As a physio, I have read the statistics, tracked the treatment advances and spent hours putting together COVID procedures for our clinics. I never expected to become one of the statistics myself.
Mid December I developed a tight band around my chest which just didn’t feel right. I didn’t have any cough, fever or change in taste/smell but it just wasn’t right so I went for a test that came back the following day positive for COVID. By this time I had developed a temperature and muscle aches and two days later became confined to my bed for the next 4 days. Upon my positive result, I had taken a look at what research studies I was eligible for and signed up for the COVID dog detection study. This really wasn’t hard work – I had to wear a t-shirt, socks and mask so that the “covid scent” can then be used to train the sniffer dogs.
The fever finally subsided a little after 6 days and I felt a little better, however, I did start with a cough and a bit of breathlessness. On Christmas Eve, I felt better again and managed to prep Christmas dinner and send a Christmas jumper picture in for the staff photo.
I woke up on Christmas day feeling pretty rubbish but just put it down to the COVID and it would resolve soon enough. I eventually got myself onto the sofa so the kids could open their presents. I didn’t move from the sofa at all on Christmas day. The kids got beans on toast for lunch and I slept. I developed a burning pain on my breastbone in the afternoon and after a bit of pestering from the husband I called 111. What I didn’t expect was for them to immediately arrange an ambulance. I didn’t feel I was poorly enough to warrant an ambulance response.
It turned out my oxygen levels were at 70%, heart rate through the roof and blood pressure through the floor. They had me in the ambulance within minutes and phoned ahead for Resus to be placed on standby – this is when I realised I was actually quite poorly.
I was placed on CPAP which is what we call a non-invasive ventilation device – it assists your breathing by forcing the air into the lungs. My X-rays had shown that not much air was making it into my lungs – air is black on an x-ray and as you can see mine was a “white-out”. I spent 6 days in intensive care in the respiratory unit – with absolutely fantastic doctors and nurses who were so compassionate and caring despite being stretched.

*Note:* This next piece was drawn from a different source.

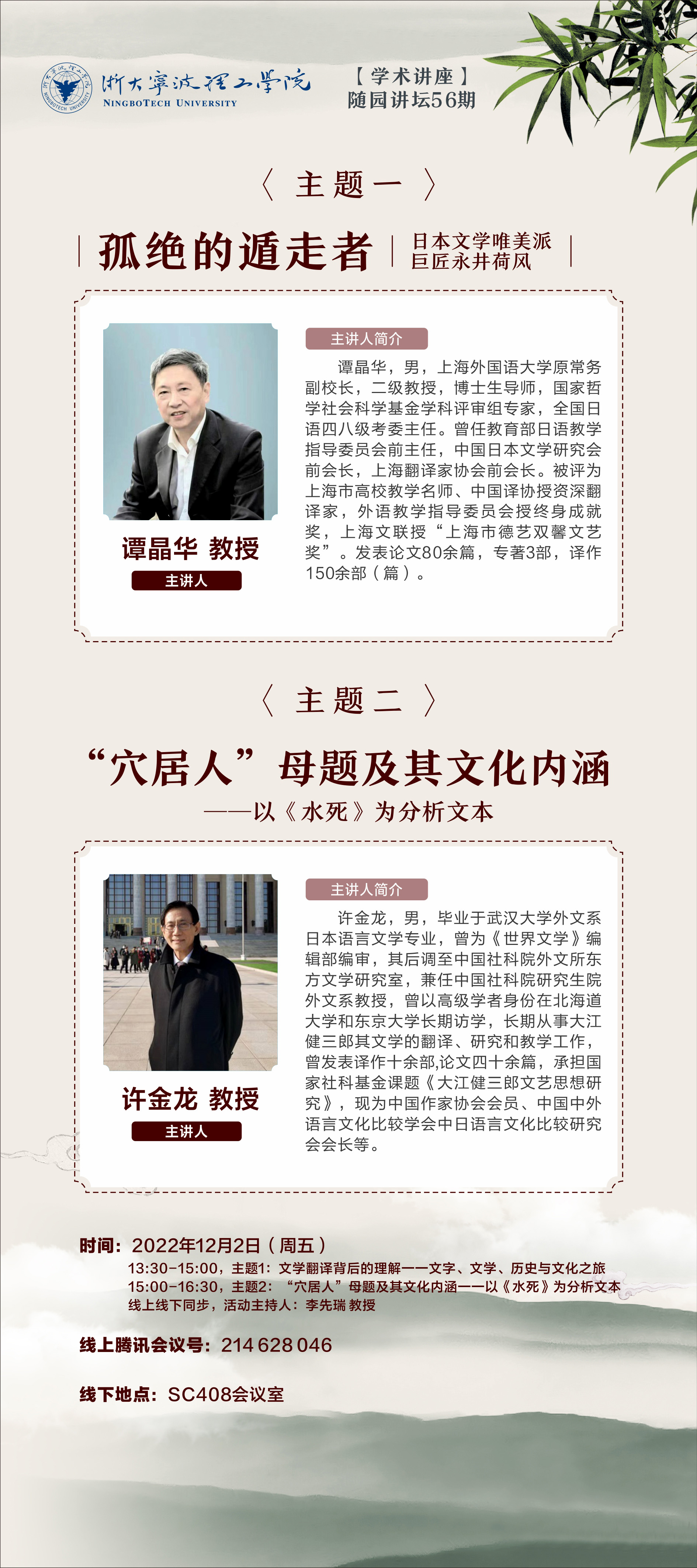 首先,谭晶华教授做了题为“孤绝的遁走者——日本文学唯美派巨匠永井荷风”的讲座。谭教授用浅显易懂的语言分别讲述了日本文学家永井荷风的创作类型、思想倾向和艺术成就。谭教授指出“永井荷风是一位一生坚守自己思想和个性的作家”。之后,许金龙教授作了题为“‘穴居人’母题及其文化内涵一一以《水死》为分析文本”的讲座。许教授围绕日本文学家大江健三郎《水死》中“穴居人”的母题进行追根溯源。最后许教授结合日本的修改教科书等历史问题,指出“在这种危险的时刻,《水死》作者还提出了一个与之抗衡的方法——‘森林之家/洞窟’这个模式”。

After a few days of CPAP my oxygen levels improved and they were able to place me onto a normal mask. They then gradually reduced how much oxygen was provided. Proning (which is turning onto your front) really helps the oxygen level in the blood during covid. I spent as much time on my front as possible to help. I didn’t like turning as this made me cough but I could see how much my saturations improved and I believe this helped me wean off the oxygen quicker. The one thing that surprised me was the fatigue, I couldn’t even pick up and knife and fork to feed myself at the start.
I eventually was moved to the ward, the hospital was really really busy so it took around 8 hours to get a ward space and I was moved to an elderly care ward. The staff found it amusing to have a 35-year-old on the elderly care ward, but to be fair most of their mobility was better than mine when I first went down. I never expected to say to the physios I will need a zimmer frame to get up. I was far too ambitious when first allowed to mobilise thinking I would make it to the end of the ward. The end of the bed and I needed to sit down. It was dreadfully hard those first few days reaching an acceptance that this was not going to be a quick bounce back and my heart rate and oxygen levels would dictate my recovery.
I finally managed to get home after 12 days in the hospital, with a promise that I would monitor my oxygen levels and heart rate. Coming home was hard – the emotional side of knowing I may never have made it home if it wasn’t for the paramedics, doctors, radiologists and nurses that acted speedily in delivering the right care. Then the physical side of suddenly finding that everything felt so far away, having had a bathroom a few steps from my bed to now having to walk down the hallway. Not being able to go upstairs to tuck the children in bed. However, the recovery continues and I am home with my family and easing back into work.